O desenho estava péssimo, mas dava para ver que era eu. Uma menina cabeçuda com cabelo de espaguete, olhos enormes, bochechas salientes e um sinal do lado direito do queixo. Eu todinha. Dei uma gargalhada.

— Não sei o que achar desta obra de arte - disse, ainda sorrindo.

Ele me entregou o papel, que eu olhei por um tempo, dobrei com cuidado e guardei com carinho num bolso da minha bolsa.

— Nunca diga te amo se não te interessa. Nunca fale sobre sentimentos se estes não existem - murmurou.

Franzi a testa e fiquei olhando aquele rosto por uns dez segundos por não entender a mudança brusca de assunto. Parecia que ele estava esperando que eu o entendesse.

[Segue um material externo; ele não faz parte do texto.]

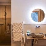 In the hallway access to another large dream bathroom, shower, toilet and natural stone sink, Luis Trenker toiletries and hairdryer.
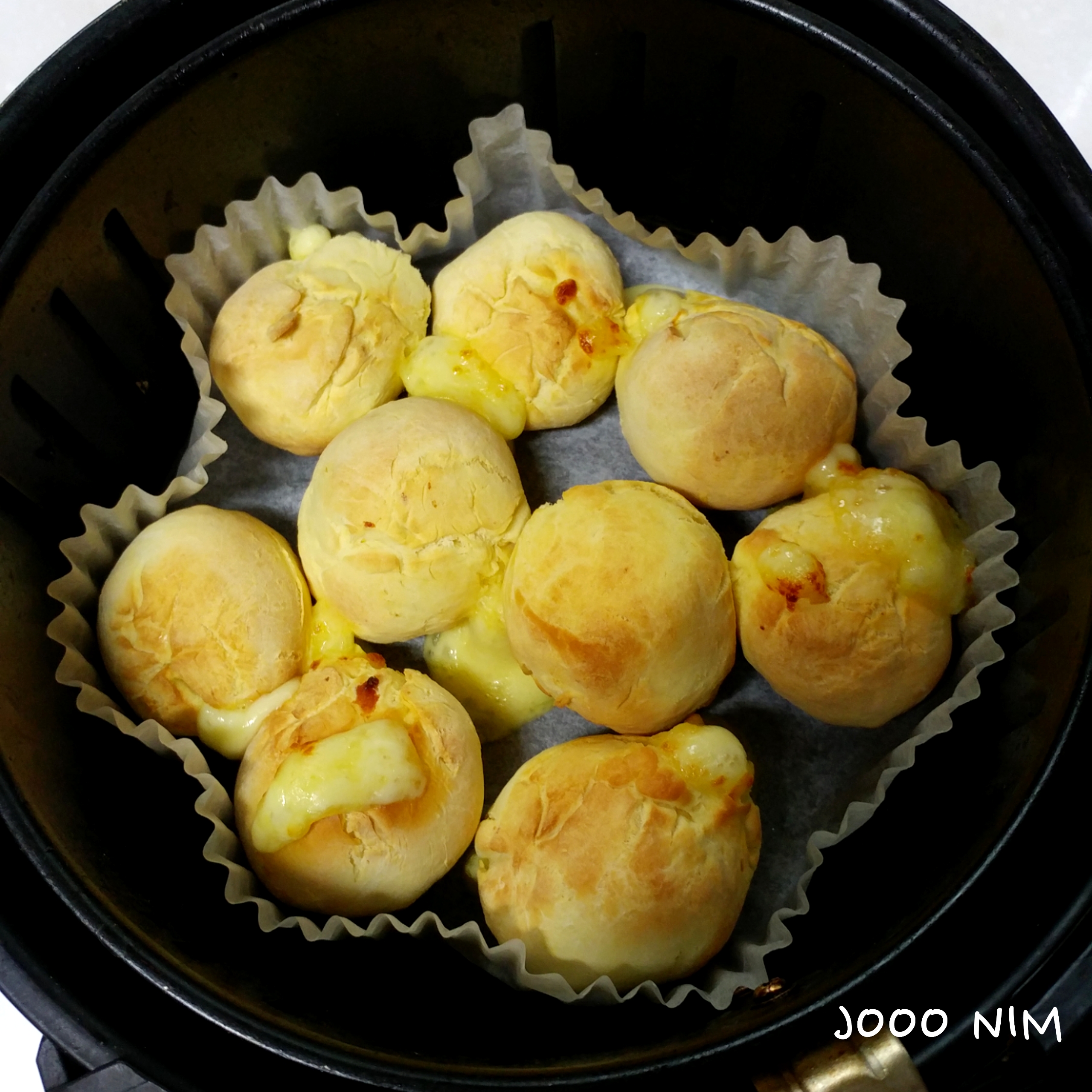 반죽 겉에 식용유를 바르고 에어프라이어 180도에 10분동안 굽는다.

— É "Nunca", de Mário Quintana - explicou e apontou para o meu livro.

Olhei para o livro e olhei para o desconhecido. Mário Quintana em letras garrafais. Levei a mão à testa, meio envergonhada. Eu deveria saber.

— Desculpa por não conhecer. Parece ser boa - e aí tive uma ideia. - Espera um pouco. 

Peguei meu celular, digitei "Nunca de Mário Quintana" na busca e cliquei no primeiro link. Lá estava a poesia que hoje é minha favorita. Terminei de recitar.

— "Nunca toque numa vida se não pretende romper um coração. Nunca olhe nos olhos de alguém se não quiser vê-lo se derramar em lágrimas por causa de ti. A coisa mais cruel que alguém pode fazer é permitir que alguém se apaixone por você quando você não pretende fazer o mesmo" - então bloqueei a tela do meu celular e tomei alguns segundos para digerir aquela belezura.

— Nunca mesmo - ele continuou.

Eu ri várias vezes durante aquele bate-papo aleatório, essa foi uma delas. Gostei do senso de humor dele desde a primeira vez.

Naquele momento, eu não sabia nada sobre ele e ele não sabia nada sobre mim. Poucas vezes nessa vida eu tive curiosidade de conhecer alguém como eu tive vontade de conhecê-lo. Pensei um pouco e apontei para o espaço vazio ao meu lado no banco. Ele olhou para um barzinho do outro lado da rua e voltou seus olhos para mim.

— Vou só pegar minhas coisas ali - ele explicou. Saiu correndo, meio desajeitado, e sentou-se no espaço vazio.

— A propósito, eu me chamo Sara - estendi a mão.

— Marco - ele apertou minha mão. - E eu tenho uma missão hoje. 

— Dar uma aula sobre poesia? - brinquei.

— Ah... - ele parecia satisfeito. - Isso também. Mas a missão principal é não passar. Sabe os outros? Que aí estão atravancando meu caminho? Que tentarão te desenhar em telas caras e tintas importadas?

— Esse poema eu conheço - falei.

— Eles passarão... - Marco começou.

— Eu passarinho - terminei. Acho que pareci uma boba sorrindo de tanta besteira.

— Eu! Eu passarinho - ele me corrigiu.

— O que será que ele quis dizer com isso? - perguntei.

— Sobre o que você quiser. É sobre passagens e pássaros. Passarões e passarinhos que passam por aí... - então Marco ia acender um cigarro do meu lado, foi a primeira coisa que não gostei nele.

— Por favor, não gosto de cigarros. Meu avô faleceu que câncer no pulmão. Ele era uma chaminé. Não gosto de cigarros.

Marco apagou o cigarro e colocou de volta no maço.

— Você é provavelmente mais esperta que eu.

Talvez quando o assunto era cigarros e otimismo. Quando falávamos de física e filosofia e poesias e família e afins Marco sempre brilhava mais que seres humanos comuns.